In one piece mature rainforest in the heart of the Amazon near Manaus, Brazil, researchers are pumping predicted future atmospheric levels of CO2 onto trees using the same Face technology as in Staffordshire. They hope to better understand how the world’s largest rainforest will respond to climate change.
“We are measuring the components of forest productivity,” says Laynara Lugli, a tropical ecologist who studies the effects of climate change on soil-plant interactions at the Technical University of Munich. “So leaves grow, stems grow, roots grow. We’re very interested in physiological patterns—looking deep into leaves [to see] how the photosynthetic capacity is changing.
Lugli is particularly interested in what happens underground during her CO2 experiment: “Are [the roots] taking water? Are they getting nutrients? [Is the] does the symbiosis with fungi change? How does this affect the entire functioning of the forest?”

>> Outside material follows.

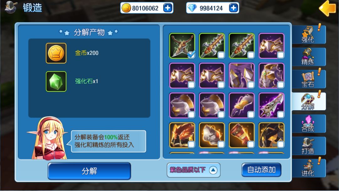 装备分解可以自动添加绿色装备以下的装备进行分解,可以获得对应品质的强化石和金币。

She and her colleagues are also investigating how climate change will affect the biodiversity of tropical forests and how it may affect the ability of this habitat to provide food, wood, medicine and even MIS.
While different species show a range of responses, Lugli says, initial findings indicate that high CO2 levels here can lead to plant growth. the growth of leaves and their stems. Underground, the roots “grow longer and thinner,” she adds, allowing trees to cover greater distances in order to find the nutrients they need. This favors fast-growing but short-lived species with lower wood density, which also tend to be less resistant to drought.
The whole life cycle is accelerated, says Lugli. “What is the fate of the carbon? Maybe it will go back into the atmosphere and not be stored in the soil.”
Back in the quiet Staffordshire countryside, MacKenzie agrees. “There’s no amount of reforestation we can do that will allow us to keep burning fossil fuels at the rate we’re burning them. There’s certainly a role for forests – but it’s not a silver bullet.”
But, he claims, the work he and his colleagues are doing is “a game changer.” Not least because it highlights the impact that temperate forests may have on the future climate.
This, says MacKenzie, is something we risk forgetting.